- Directed by: Benjamin Stoloff
- Screenplay by: Willis Goldbeck; Seton I. Miller;
- Based on: Two O'Clock Courage 1934 novel by Gelett Burgess
- Produced by: Zion Myers
- Starring: Walter Abel; Margot Grahame; Wallace Ford; Gail Patrick; Alan Hale;
- Cinematography: Nicholas Musuraca
- Edited by: George Crone
- Music by: Alberto Colombo
- Production company: RKO Pictures
- Distributed by: RKO Pictures
- Release date: January 10, 1936;
- Running time: 74 minutes
- Country: United States
- Language: English

= Two in the Dark =

1936 film by Benjamin Stoloff

Two in the Dark is a 1936 American mystery film directed by Benjamin Stoloff and starring Walter Abel, Margot Grahame, Wallace Ford, Gail Patrick, and Alan Hale. The screenplay concerns an amnesiac suspected of murder.

In 1945, Stoloff produced a remake, Two O'Clock Courage, directed by Anthony Mann and starring Tom Conway and Ann Rutherford.

==Plot==
Wandering around in the darkness, an amnesiac has the feeling that he's murdered someone. He reads that a theatrical producer has been killed and he thinks that he's guilty.
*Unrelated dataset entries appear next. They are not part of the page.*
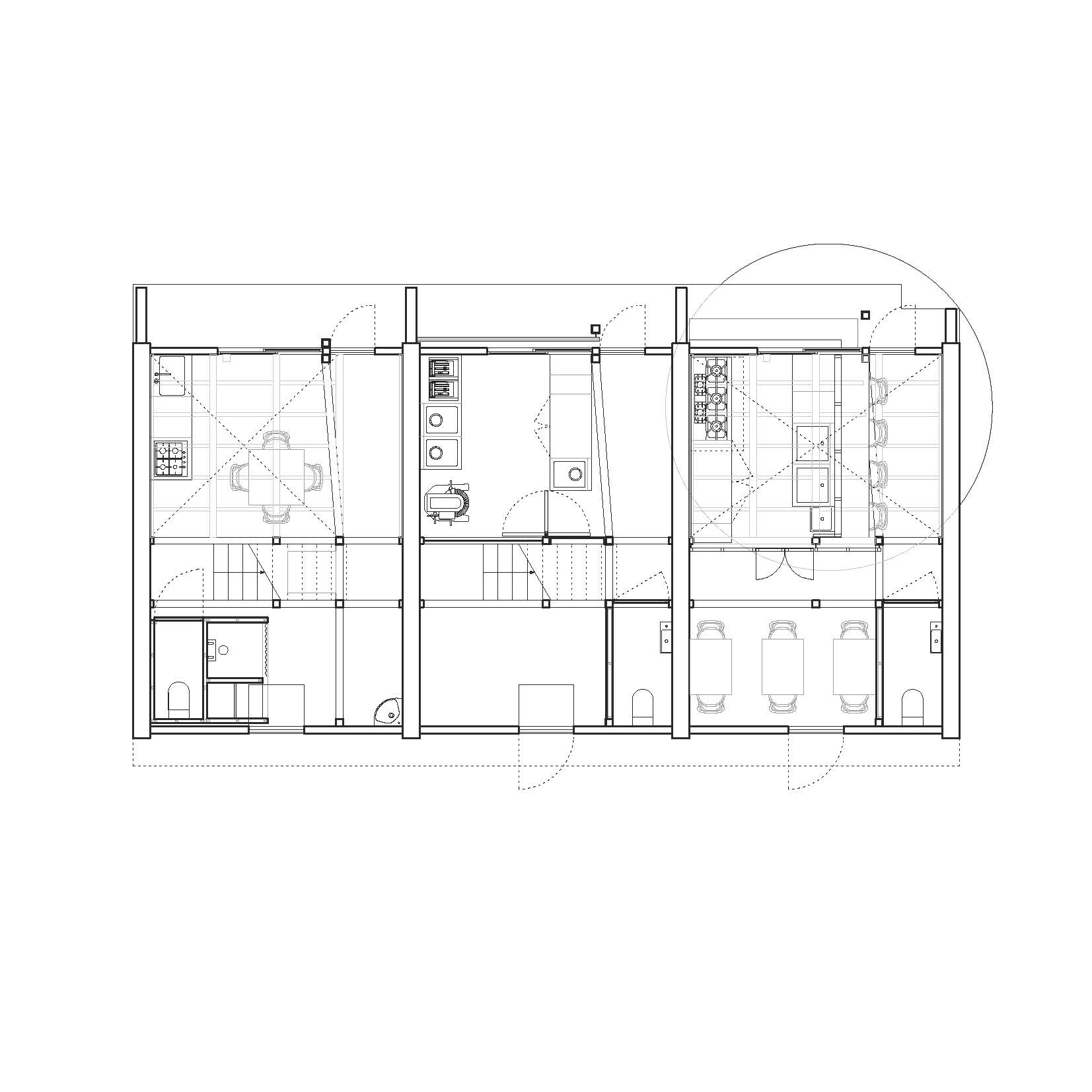 The existing building of Hasami Complex was formerly used as a set of three duplex apartments. Residents would enter through the smaller alley into a ground-floor living space, followed by a backyard and bedrooms on the upper floor. The aim of the project was to convert these three units into a set of public programs, as a restaurant, a pastry shop and a guest house.
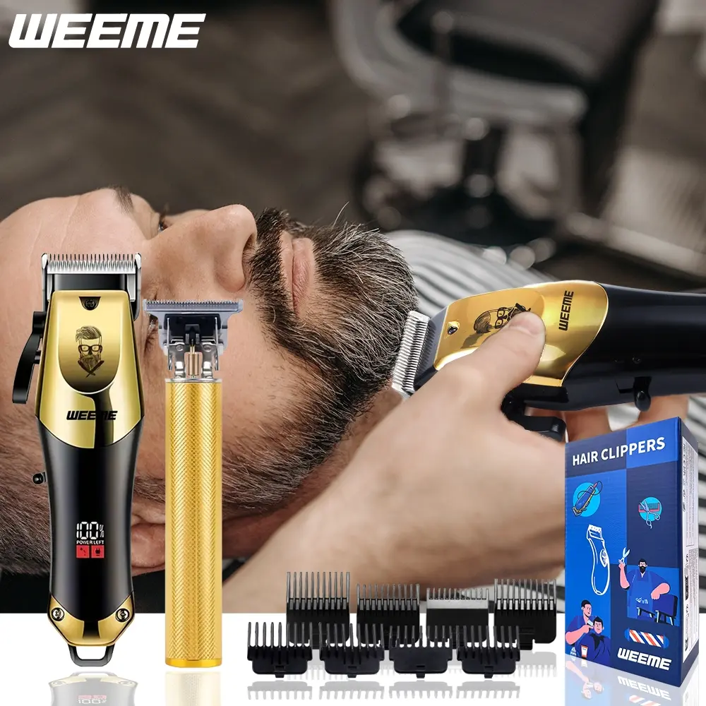 WEEME 4pcs Electric Hair Clipper Set, Cordless Clippers Set, Hair Clippers, Multifunctional Hair Trimmer, Beard Trimmer Kit, USB Rechargeable, T-Head Shaver, Nose Hair Trimmer, Perfect Gift for Men
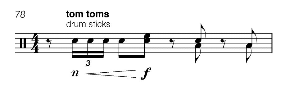 The shuffle feel that is established at letter H was in part influenced by two particular pop songs: Rosanna (1982) by Toto – crotchet = 84; and Let There Be Love (1991) by Simple Minds – crotchet = 88. I didn’t listen to these songs at the time of writing but my memory of them was influential. Referring back to them now, I can see that the triple shuffle feel is slightly slower in these songs (than the 4th movement tempo of crotchet = 90), and the tom tom figuration is more through-composed than a standard shuffle pattern, but there is a connection, nonetheless.

However, unemployed actress Marie Smith, whom he meets while wandering around the park, isn't convinced, so she helps him reconstruct the clues and find the killer.

==Cast==
- Walter Abel as Ford Adams
- Margot Grahame as Marie Smith
- Wallace Ford as Harry Hillyer
- Gail Patrick as Irene Lassiter
- Alan Hale as Police Inspector Florio
- Leslie Fenton as Stuart Eldredge
- Eric Blore as Edmund Fish
- Erin O'Brien-Moore as Olga Konar
- Erik Rhodes as Carlo Gheet
- J. Carrol Naish as Burt Mansfield
- Addison Randall as Duke Reed
- Ward Bond as Policeman in Park

==Critical reception==
The Film Daily described it as an "ingenious murder mystery", and wrote, "The clever unravelling of the mystery holds you tense to the final scene. The honors go to the author for a very unusual plot, ably seconded by smart direction and a very competent cast throughout."